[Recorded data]
*-*-*

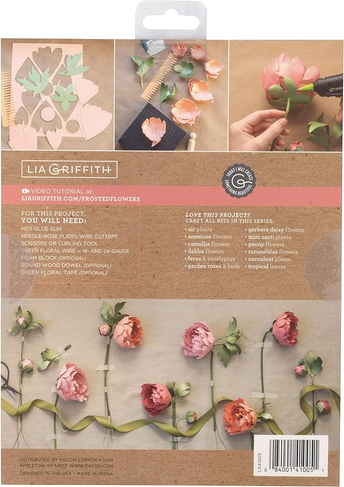 Lia Griffith Frosted Paper Peony Flowers, 8.5" x 11", Colors May Vary 20 Count
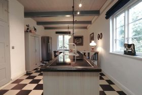 Die große, offene Küche hat einen geräumigen Frühstückstisch und alle wichtigen Geräte (großer Kühlschrank mit Gefrierfach, Herd mit Backofen, Geschirrspüler etc.). Mikrowelle, Kaffeevollautomat (DeLonghi) und Filterkaffee-Maschine, Wasserkocher und ein Toaster befinden sich in der historischen Herd-Nische. Der angrenzende Hauswirtschaftsraum beherbergt Waschmaschine und Trockner.
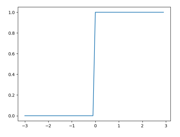 입력이 양수일때는 1(보낸다)을 음수일때는 0(보내지 않는다)의 신호를 보내주는 이진적인(Binary) 함수이다.
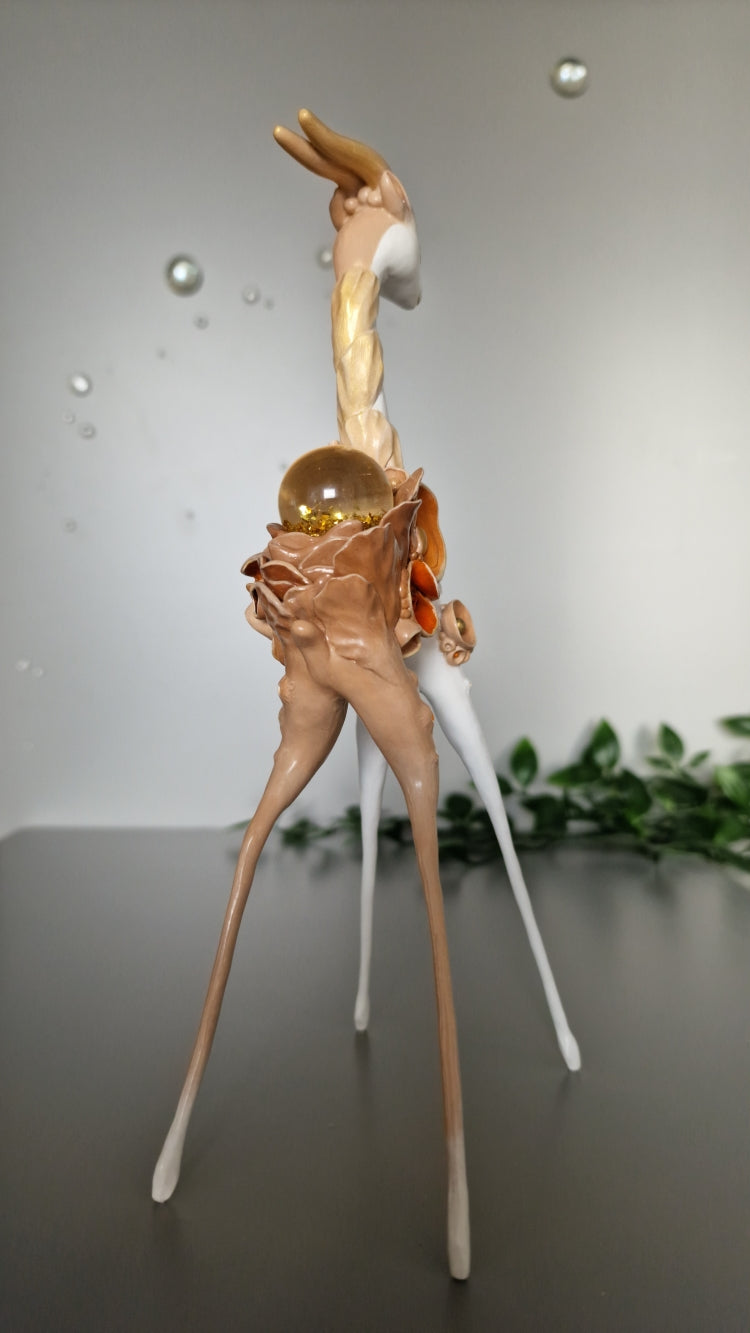 Meet Lea, a playful and light-hearted deer Heartbeastie. Her body shifts from soft white to gentle green, creating a soothing gradient that reflects her lively spirit. Resting on her back is a clear magical orb that glows like a drop of morning dew. Lea brings curiosity, and a sense of ease into your life. With her around, everyday moments feel a little lighter.
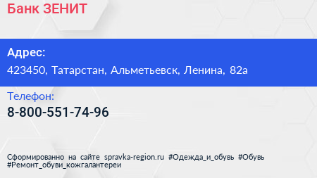 Банк ЗЕНИТ по адресу 423450, Татарстан, Альметьевск, Ленина, 82а в дальнейшем Организация, размещена в следующих категориях:
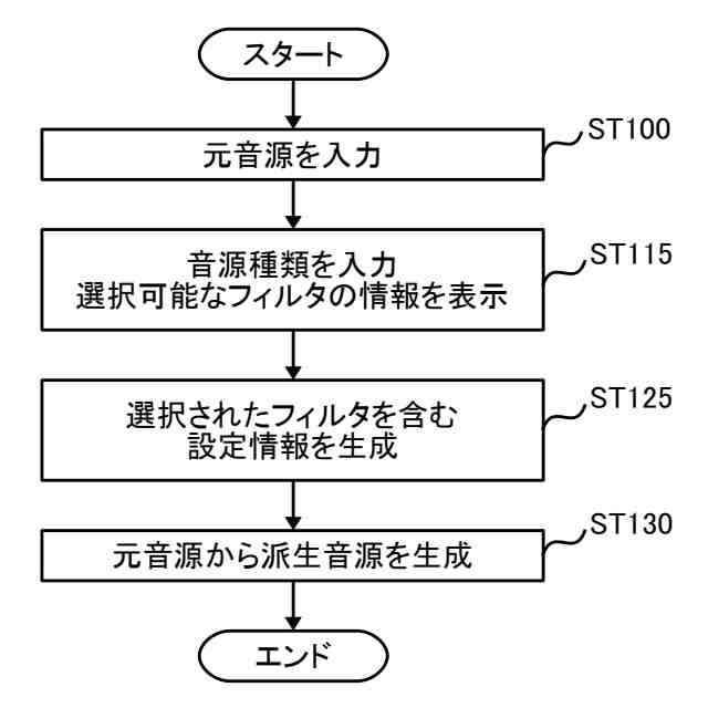1つの前記元音源から1つの前記派生音源を生成するために使用される1つの前記フィルタの前記フィルタ構成情報を追加する指示が入力されると、当該指示に応じた前記フィルタ構成情報を当該1つの元音源の前記設定情報に追加し、当該指示に応じた前記フィルタ構成情報に基づいて構成される当該1つのフィルタにより、当該1つの元音源の音響データを当該1つの派生音源の音響データへ変換する工程を有する、

*-*-*

■ WORK INSTRUCTIONS:
The records above should be repeated exactly, with every picture omitted.

■ RESULT:
 Lia Griffith Frosted Paper Peony Flowers, 8.5" x 11", Colors May Vary 20 Count
 Die große, offene Küche hat einen geräumigen Frühstückstisch und alle wichtigen Geräte (großer Kühlschrank mit Gefrierfach, Herd mit Backofen, Geschirrspüler etc.). Mikrowelle, Kaffeevollautomat (DeLonghi) und Filterkaffee-Maschine, Wasserkocher und ein Toaster befinden sich in der historischen Herd-Nische. Der angrenzende Hauswirtschaftsraum beherbergt Waschmaschine und Trockner.
 입력이 양수일때는 1(보낸다)을 음수일때는 0(보내지 않는다)의 신호를 보내주는 이진적인(Binary) 함수이다.
 Meet Lea, a playful and light-hearted deer Heartbeastie. Her body shifts from soft white to gentle green, creating a soothing gradient that reflects her lively spirit. Resting on her back is a clear magical orb that glows like a drop of morning dew. Lea brings curiosity, and a sense of ease into your life. With her around, everyday moments feel a little lighter.
 Банк ЗЕНИТ по адресу 423450, Татарстан, Альметьевск, Ленина, 82а в дальнейшем Организация, размещена в следующих категориях:
1つの前記元音源から1つの前記派生音源を生成するために使用される1つの前記フィルタの前記フィルタ構成情報を追加する指示が入力されると、当該指示に応じた前記フィルタ構成情報を当該1つの元音源の前記設定情報に追加し、当該指示に応じた前記フィルタ構成情報に基づいて構成される当該1つのフィルタにより、当該1つの元音源の音響データを当該1つの派生音源の音響データへ変換する工程を有する、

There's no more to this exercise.